--- TASK INPUT Enclosed Below ---

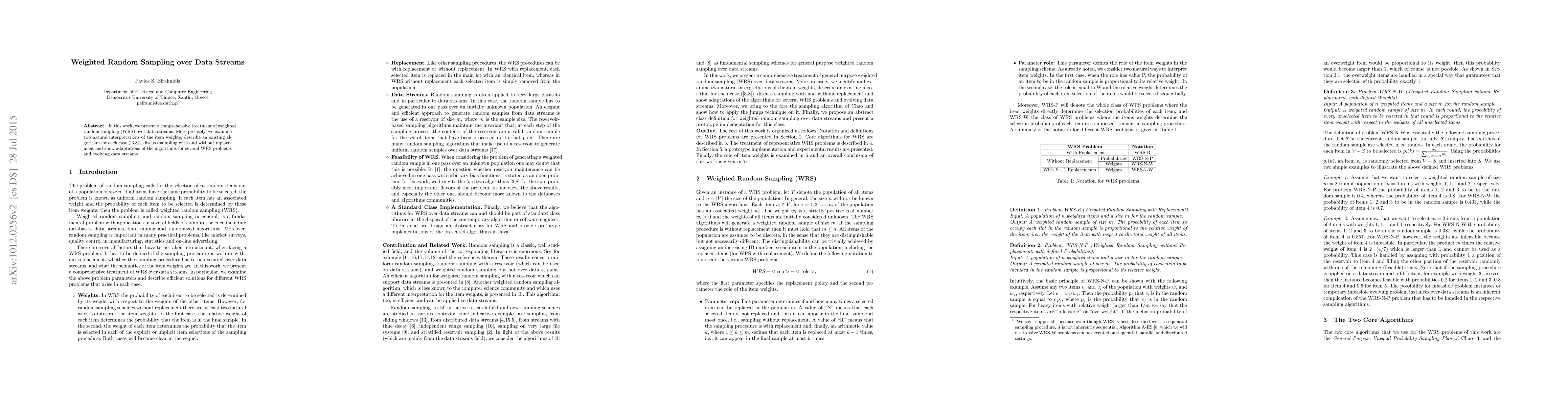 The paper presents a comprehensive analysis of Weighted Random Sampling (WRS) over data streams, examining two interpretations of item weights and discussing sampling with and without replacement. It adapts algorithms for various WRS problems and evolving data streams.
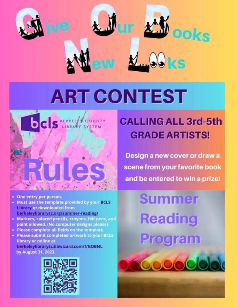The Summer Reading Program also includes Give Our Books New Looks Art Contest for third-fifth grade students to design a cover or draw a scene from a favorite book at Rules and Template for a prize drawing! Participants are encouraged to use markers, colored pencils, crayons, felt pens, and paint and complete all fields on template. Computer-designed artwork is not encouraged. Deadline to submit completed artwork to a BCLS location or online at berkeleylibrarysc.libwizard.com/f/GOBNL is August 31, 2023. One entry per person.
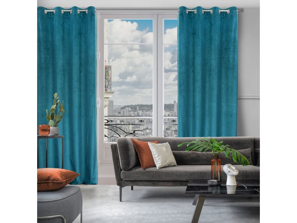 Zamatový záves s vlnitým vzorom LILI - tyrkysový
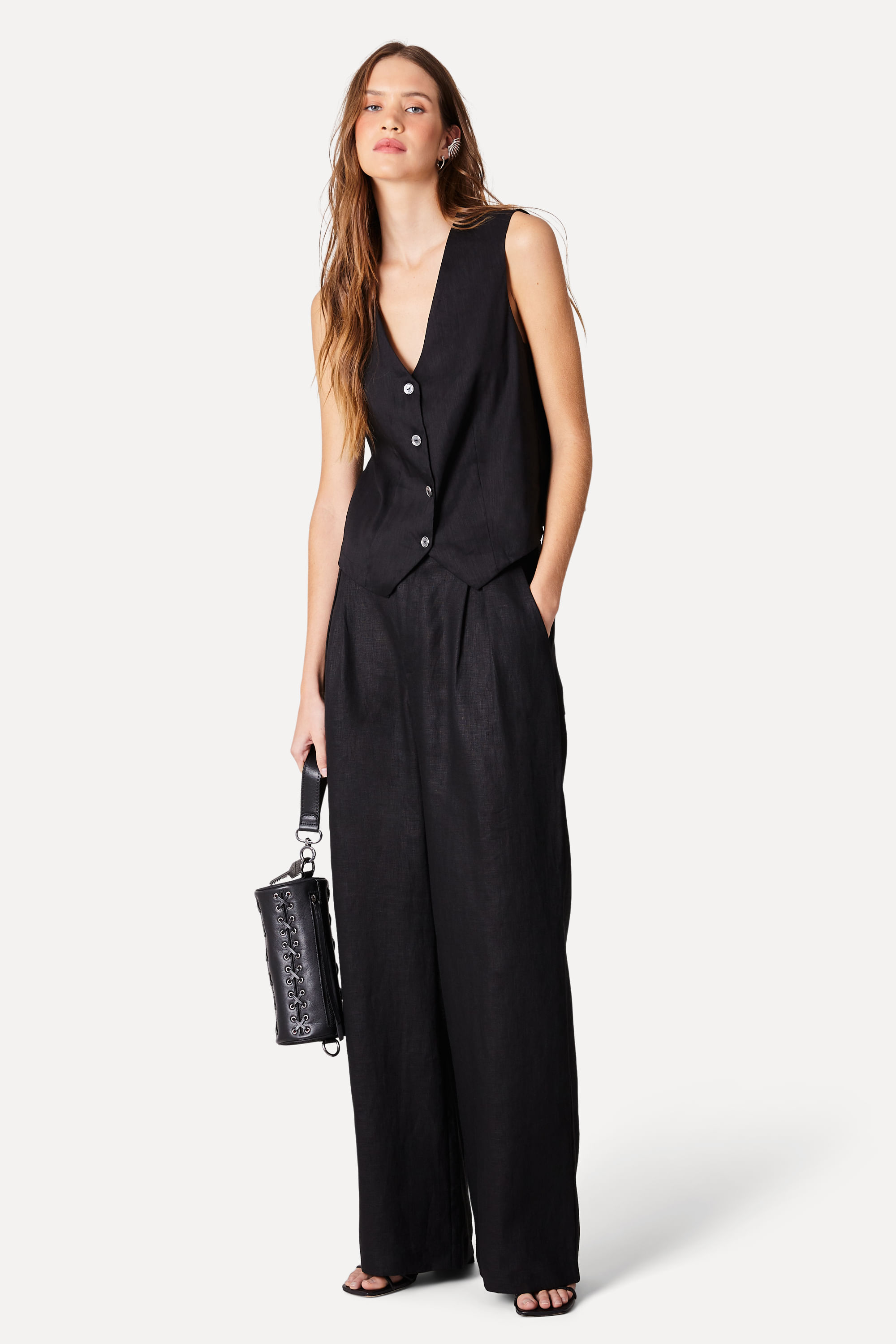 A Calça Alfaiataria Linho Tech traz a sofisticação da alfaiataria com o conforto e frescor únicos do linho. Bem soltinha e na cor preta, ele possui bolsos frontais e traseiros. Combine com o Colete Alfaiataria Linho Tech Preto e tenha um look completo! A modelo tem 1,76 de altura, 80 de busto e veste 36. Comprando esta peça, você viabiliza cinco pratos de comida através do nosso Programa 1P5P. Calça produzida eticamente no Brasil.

--- End of Enclosed TASK INPUT ---
--- TASK INPUT Enclosed Below ---

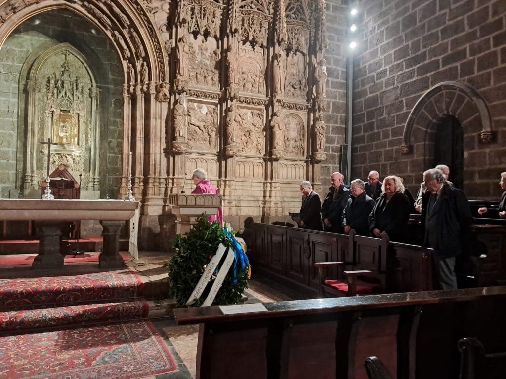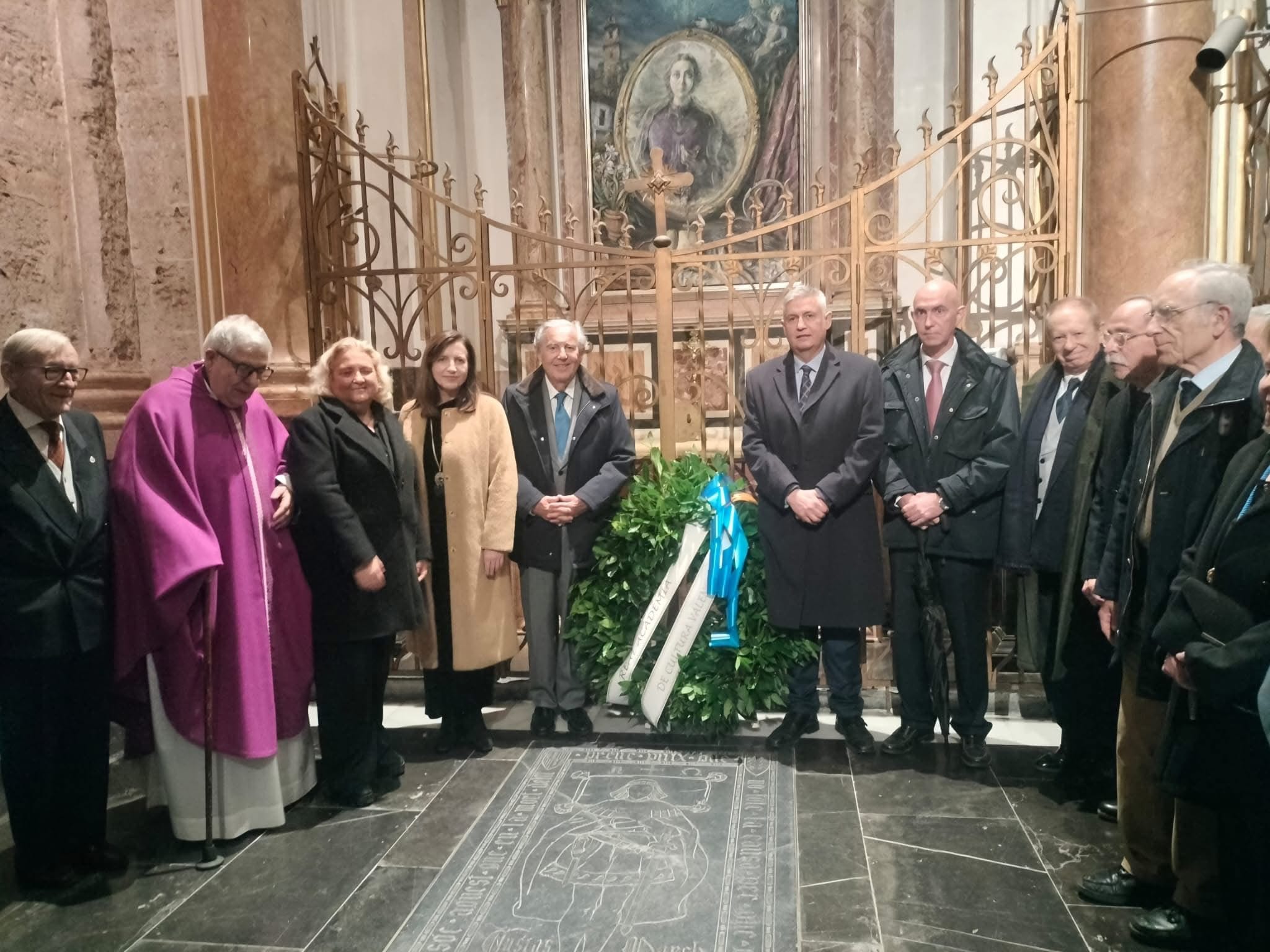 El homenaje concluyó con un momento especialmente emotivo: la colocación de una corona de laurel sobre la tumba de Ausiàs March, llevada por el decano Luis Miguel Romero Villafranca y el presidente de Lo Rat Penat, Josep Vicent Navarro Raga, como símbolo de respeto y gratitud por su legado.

--- End of Enclosed TASK INPUT ---

### TASK
Your answer should be the exact lines above from the one containing "The Summer Reading" through the one containing "Zamatový záves s", with both end lines kept and the pictures removed, please.

### SOLUTION TO THIS PROBLEM
The Summer Reading Program also includes Give Our Books New Looks Art Contest for third-fifth grade students to design a cover or draw a scene from a favorite book at Rules and Template for a prize drawing! Participants are encouraged to use markers, colored pencils, crayons, felt pens, and paint and complete all fields on template. Computer-designed artwork is not encouraged. Deadline to submit completed artwork to a BCLS location or online at berkeleylibrarysc.libwizard.com/f/GOBNL is August 31, 2023. One entry per person.
 Zamatový záves s vlnitým vzorom LILI - tyrkysový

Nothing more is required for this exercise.